*RECORDS TO PROCESS:*
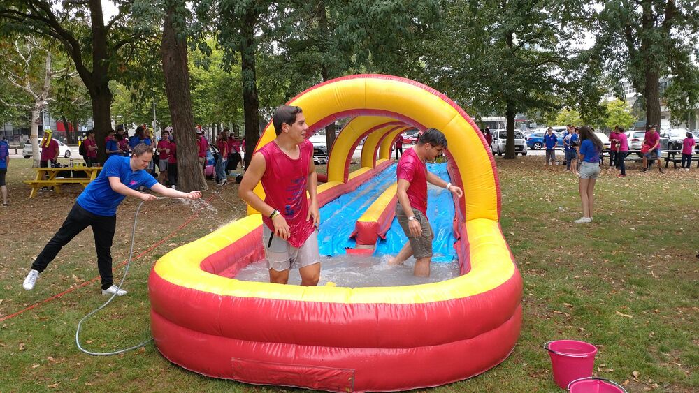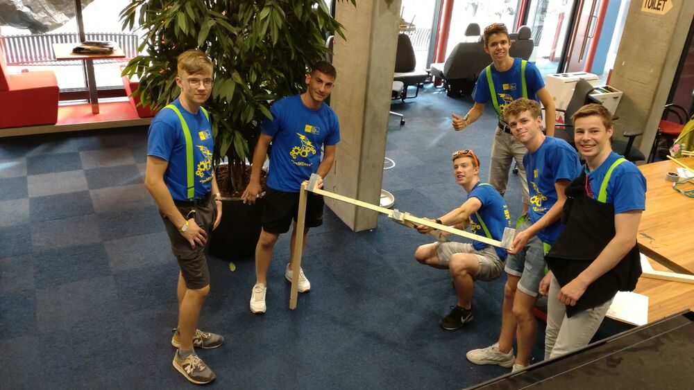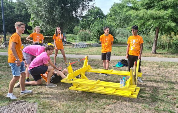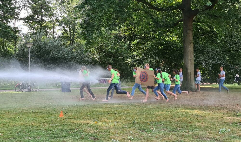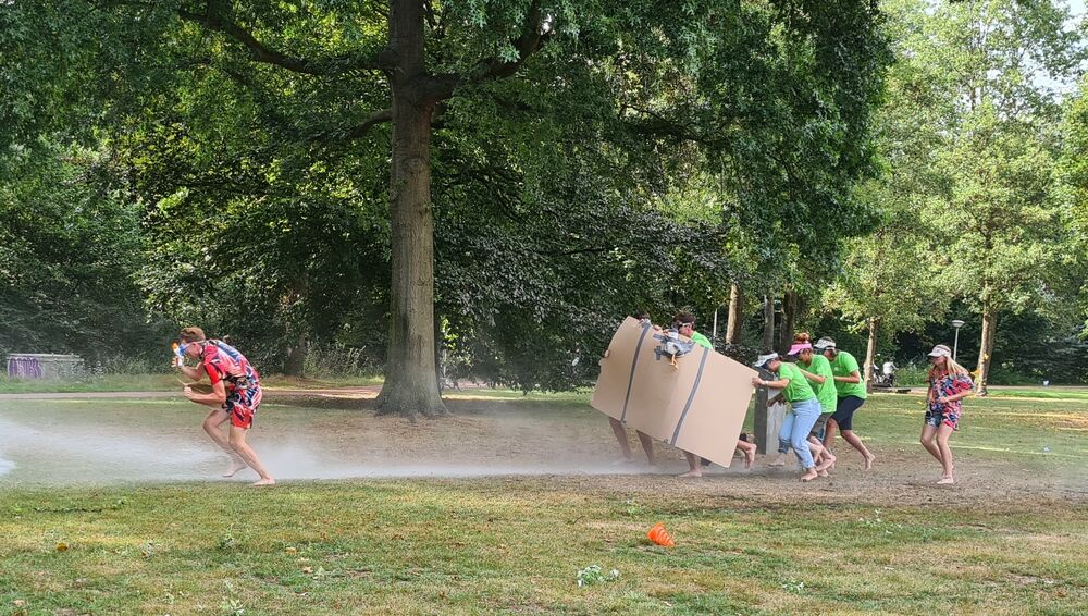 For example, Thor (Electrical Engineering) combined the creation of a wireless network with a lot of fun on the inflatable water track and the future physicists relaxed in the sun with their catapults which they made (or borrowed) themselves. The mechanical engineers of W.S.V. Simon Stevin built a similar weapon, which they will test on Tuesday morning. On the KOE field, the campus fire department had been called out to spray the future engineers with the firehose at full blast. Some groups were so desperate to cool off that they simply stopped using their cardboard shields for protection. A brave thing to do, because that jet really hits hard.
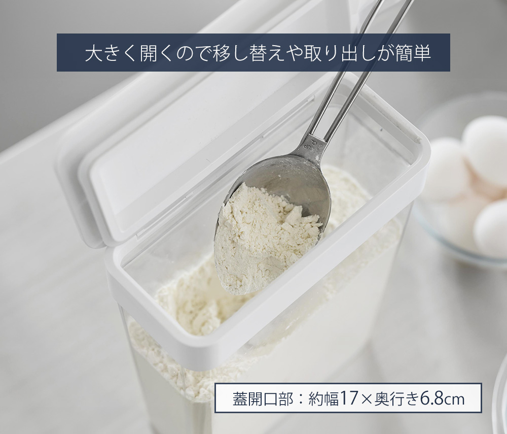 蓋の開口部は約幅17×奥行6.8cmあるので中に入れたものの取り出しが簡単。スプーンも出し入れもしやすいので、小麦粉などの粉類の移し替えもスムーズです。
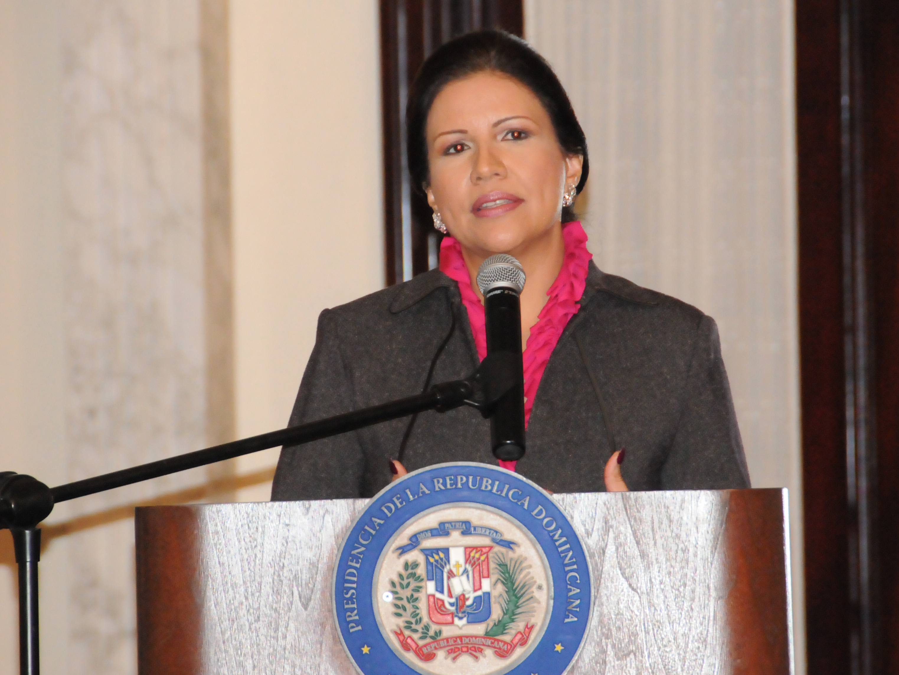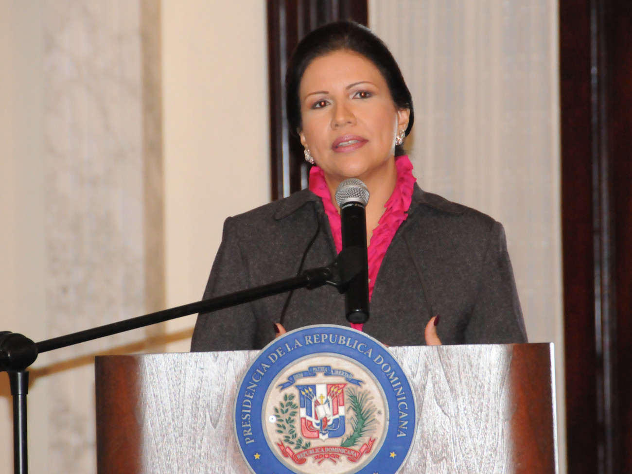 La vicepresidenta de la República, Margarita Cedeño de Fernández, se dirige a los presentes en el acto que encabeza, en el salón de Embajadores del Palacio Nacional, por motivo del Día Nacional de la Seguridad Social.
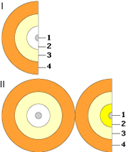 Конструкция: 1. Оптическое волокно. 2. Плотное буферное покрытие (tight buffer) 900 мкм. 3. Упрочняющие арамидные нити. 4. Оболочка из полимерного материала, не распространяющего горение или из безгалогенного материала с низким дымовыделением. Кабель ЭКБ-БДШ (II) изготавливается в виде ленточной (плоской) конструкции из двух кабелей типа БСШ, оболочки которых соединены вдоль друг друга. Цвет оболочки кабеля соответствует следующей системе кодировки (если иное специально не оговорено в заказе): |
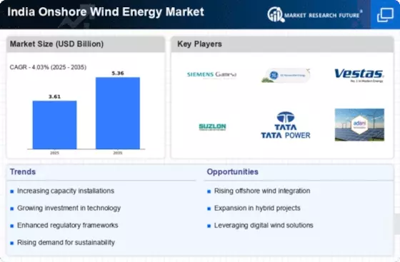 The regulatory environment surrounding the India Onshore Wind Energy Market appears to be increasingly favorable, with various policies aimed at promoting wind energy. The introduction of the National Wind-Solar Hybrid Policy aims to optimize the use of land and resources, potentially leading to more efficient energy generation. Additionally, state-level policies, such as feed-in tariffs and renewable purchase obligations, are designed to encourage investments in wind energy. As of February 2026, the government is also working on simplifying the approval process for wind projects, which could further enhance the ease of doing business in this sector. This supportive regulatory framework is likely to stimulate growth and attract new entrants into the market.

*WHAT TO DO:*
Take the lines from the first line of the entries through the line with "Конструкция: 1. Оптическое", inclusive, and give them again exactly, minus any pictures.

*EXPECTED OUTPUT:*
 For example, Thor (Electrical Engineering) combined the creation of a wireless network with a lot of fun on the inflatable water track and the future physicists relaxed in the sun with their catapults which they made (or borrowed) themselves. The mechanical engineers of W.S.V. Simon Stevin built a similar weapon, which they will test on Tuesday morning. On the KOE field, the campus fire department had been called out to spray the future engineers with the firehose at full blast. Some groups were so desperate to cool off that they simply stopped using their cardboard shields for protection. A brave thing to do, because that jet really hits hard.
 蓋の開口部は約幅17×奥行6.8cmあるので中に入れたものの取り出しが簡単。スプーンも出し入れもしやすいので、小麦粉などの粉類の移し替えもスムーズです。
 La vicepresidenta de la República, Margarita Cedeño de Fernández, se dirige a los presentes en el acto que encabeza, en el salón de Embajadores del Palacio Nacional, por motivo del Día Nacional de la Seguridad Social.
 Конструкция: 1. Оптическое волокно. 2. Плотное буферное покрытие (tight buffer) 900 мкм. 3. Упрочняющие арамидные нити. 4. Оболочка из полимерного материала, не распространяющего горение или из безгалогенного материала с низким дымовыделением. Кабель ЭКБ-БДШ (II) изготавливается в виде ленточной (плоской) конструкции из двух кабелей типа БСШ, оболочки которых соединены вдоль друг друга. Цвет оболочки кабеля соответствует следующей системе кодировки (если иное специально не оговорено в заказе): |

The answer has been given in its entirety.